When Maggie's office first contacted me about her hospitalization, they were intentionally vague about her condition due to medical privacy issues (and understandably so). I was told she was in the hospital and would be expected to be back in six to eight weeks; they had every reason to be that would be true. When I heard that news, I immediately stopped by the drugstore next to Maggie's office to buy a "Get Well" card and dashed off a handwritten letter, thanking her for being in my life, telling her how much her advice has meant to me - and apologizing for my bad habit of ignoring a lot of it. "But!" I added cheekily in my note "I know I'm not the only stubborn, advice-ignoring client of yours!"
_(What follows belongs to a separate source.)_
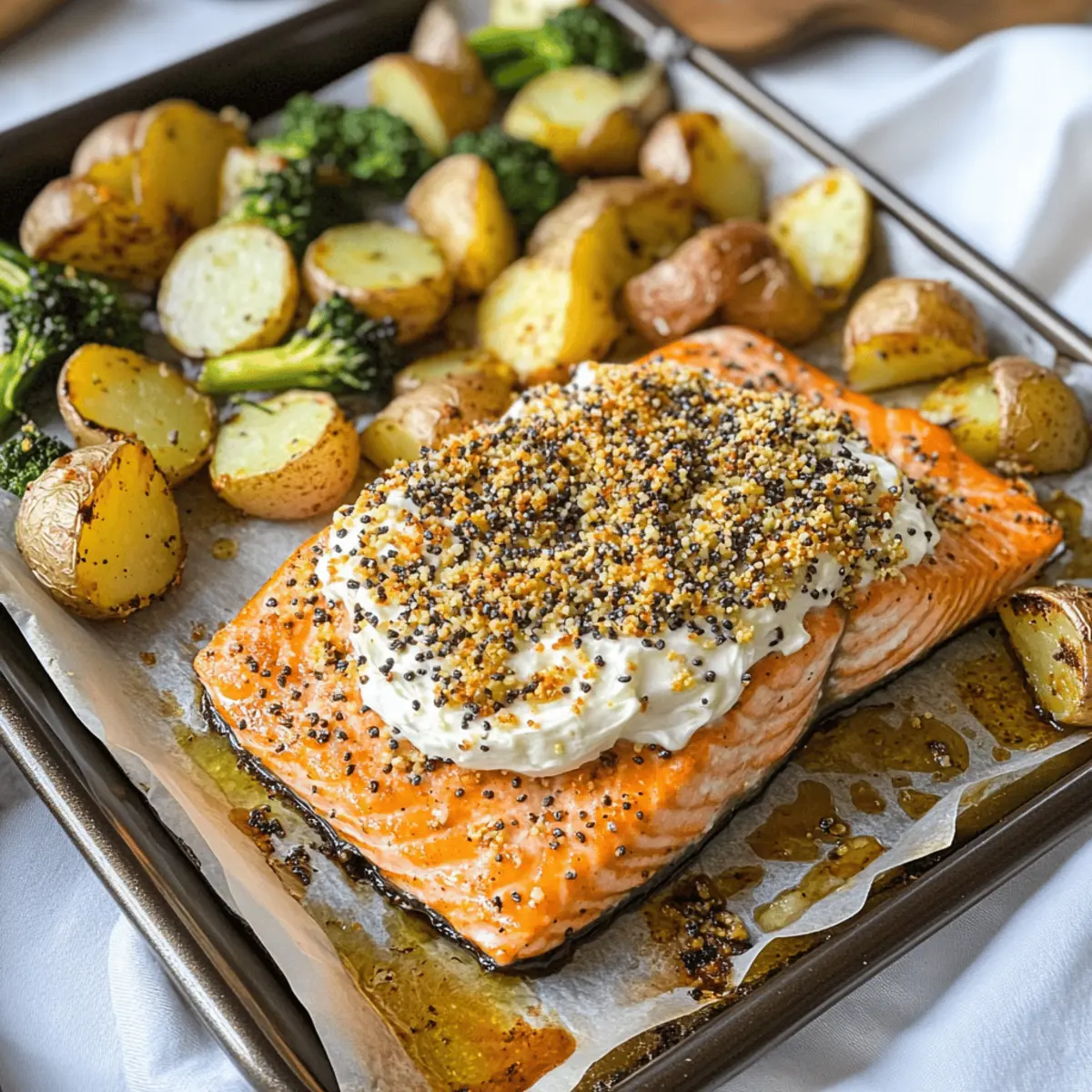 Aller à la recette Imprimer la recetteIl y a quelque chose de réconfortant à savoir que l’on peut préparer un dîner délicieux dans un seul plat tout en savourant des saveurs qui rappellent les classiques de la cuisine. Voici ma recette de Saumon sur plaque à pâtisserie avec bagel, une merveilleuse fusion entre le goût riche du saumon et l’irrésistible assaisonnement Everything Bagel. En moins d’une heure, ce repas sain vous permettra de réunir votre famille autour d’une table pleine de couleurs et de bonnes odeurs. Avec des légumes rôtis qui apportent croquant et couleur, ainsi qu’une option de crème fromagère pour une touche crémeuse, vous ne serez pas déçu. Que diriez-vous de découvrir le plaisir d’un dîner rempli de saveurs réconfortantes et de textures variées ? Pourquoi aimer cette recette ? Simplicité incroyable : Préparation rapide en seulement 30 minutes avec un seul plat à nettoyer ! Saveurs irrésistibles : Le mélange de saumon et d’assaisonnement Everything Bagel offre une explosion de goût à chaque bouchée. Options polyvalentes : Changez facilement les légumes selon vos préférences ou les saisons, ou optez pour un fromage crémeux différent. Attraction familiale : Ce plat plaira à toute la famille, des enfants aux adultes, rendant vos dîners encore plus joyeux. Repas sain : Riche en oméga-3, le saumon est un choix nutritif qui comblera vos envies de bien manger. Préparation à l’avance : Marinez le saumon quelques heures avant pour des saveurs encore plus profondes. Pour une salade fraîche à servir avec, consultez nos conseils sur la préparation de salades. Ingrédients pour Saumon sur plaque à pâtisserie avec bagel • Note : Préparez facilement cette recette en un seul plat, parfaite pour un dîner rapide. Pour le saumon • Saumon – Utilisez du saumon frais, peau sur ou sans peau selon vos préférences. • Crème fromagère légère – Ajoute une texture crémeuse et une belle saveur ; vous pouvez remplacer par du fromage de chèvre pour une option moins acide. Pour les légumes • Pommes de terre baby – Offrent du cœur au plat ; coupez-les en morceaux plus petits pour une cuisson plus rapide. • Légumes frais (haricots verts français, brocoli ou asperges) – Ajoutent de la couleur et de la valeur nutritionnelle ; choisissez selon votre goût. Assaisonnements • Tout sauf l’assaisonnement bagel – L’élément clé de saveur, mélange de graines de sésame, graines de pavot, ail et oignon ; ajustez les quantités selon vos envies. • Huile d’olive – Essentielle pour arroser vos légumes avant de les rôtir ; ajoutez-y de l’ail en poudre ou de l’aneth pour plus de goût. • Sel marin et poivre noir – Soulignent les saveurs générales ; n’hésitez pas à ajuster selon vos préférences. Profitez de votre repas en famille avec ce savoureux saumon sur plaque à pâtisserie avec bagel, un plat qui allie rapidité et délicieuses saveurs ! Instructions pour Saumon sur plaque à pâtisserie avec bagel Step 1 : Préchauffage du four Préchauffez votre four à 180 °C (350 °F). Cela garantit que votre saumon sur plaque à pâtisserie avec bagel sera cuit uniformément et rapidement. Pendant que le four chauffe, préparez tous vos ingrédients pour le rendre encore plus simple et rapide. Step 2 : Préparation de la plaque Tapissez une plaque à pâtisserie de papier sulfurisé pour un nettoyage facile. Assurez-vous que la surface est bien couverte, ce qui aidera à éviter que le saumon et les légumes ne collent. Cela rend également le service plus agréable lorsque vous servirez ce délicieux plat. Step 3 : Préparation du saumon Placez le saumon au centre de la plaque et séchez-le avec du papier absorbant. Cela permettra à la crème fromagère de mieux adhérer au saumon. Une fois sec, passez à l’étape suivante pour le rendre encore plus savoureux avec la crème. Step 4 : Ajout de la crème fromagère Étalez uniformément la crème fromagère légère sur le saumon à l’aide d’une spatule ou d’un couteau. Veillez à bien couvrir toute la surface pour garantir que chaque bouchée soit crémeuse et délicieuse. Cela ajoute une texture sublime à votre saumon sur plaque à pâtisserie avec bagel. Step 5 : Assaisonnement Saupoudrez généreusement l’assaisonnement Everything Bagel sur le saumon. Cela apportera une explosion de saveurs allant de l’ail aux graines de sésame, rehaussant le goût de votre plat. Assurez-vous que chaque partie du saumon est bien couverte pour une saveur optimale. Step 6 : Préparation des légumes et des pommes de terre Disposez les pommes de terre coupées en deux et les légumes frais autour du saumon. Choisissez des légumes colorés comme le brocoli ou les haricots verts pour une belle présentation. Cela équilibrera le plat tout en ajoutant des nutriments importants à votre repas. Step 7 : Assaisonnement des légumes Arrosez d’huile d’olive et saupoudrez de sel marin et de poivre noir sur les légumes et les pommes de terre. Cela permet de rehausser les saveurs de chaque ingrédient. Mélangez légèrement pour vous assurer que tout est bien enrobé avant de mettre le tout au four. Step 8 : Cuisson au four Enfournez la plaque à pâtisserie dans le four préchauffé et faites cuire pendant 20 à 25 minutes. Vérifiez la cuisson : le saumon doit être opaque et se détacher facilement à la fourchette, tandis que les légumes doivent être tendres mais encore croquants. Cela protégera la texture et le goût de votre saumon. Step 9 : Service Une fois cuit, sortez le plat du four et servez immédiatement. Laissez les couleurs et les arômes vous envoûter alors que vous savourez ce saumon sur plaque à pâtisserie avec bagel. Profitez de chaque bouchée avec votre famille, car ce plat réunit délicieux saveurs et moments agréables. Préparation à l’avance pour le Saumon sur plaque à pâtisserie avec bagel Préparez votre Saumon sur

Such was the nature of our relationship. And it was just the sort of jest I envisioned would bring a smile to her face on the hospital bed as she recovered from whatever it was that felled her.
Of course, as you all know - she never awoke since being hospitalized.
Those jovial words never reached her. And now, now they stand frozen in time forever.
I've thought a lot about that letter in the ensuing days.
To paraphrase my favorite U.S. President, I sometimes wonder about the shyness in which those of us who are blessed with advisors and close family express our gratitude for their presence in our lives. This reluctance to acknowledge how much their support and love help ease the sufferings of our imperfect world seem so tragic in moments like this, when we realize just how much unspoken thanks we owe to those around us.
Well let us be shy no longer. Let us speak up to those who love and comfort us while they still have ears to hear, and let them know how their presence makes a difference in our lives. For those who can think of someone right now who you realize is owed a note of gratitude - I have purchased one hundred stamped "thank you" cards which I have right here; you are welcome to take one at the end of this service.
My letter of thanks to Maggie went out too late - but odds are good the letter you mail today will reach its recipient.
It may be strange to think of it, but there will come a day when everyone in this room will have a ceremony, much like this one, where OUR friends and family will gather to say nice things about us that WE will just miss by days or weeks. Let OUR ceremonies not be filled with regret of unspoken gratitude and unfulfilled promises; let us do what we can to make sure that our own memorial services would be a celebration of a life well-lived, and well-loved with no regrets.
I believe this is the best way to honor Maggie's memory; I believe if she were here today, it would be something she'd heartily endorse.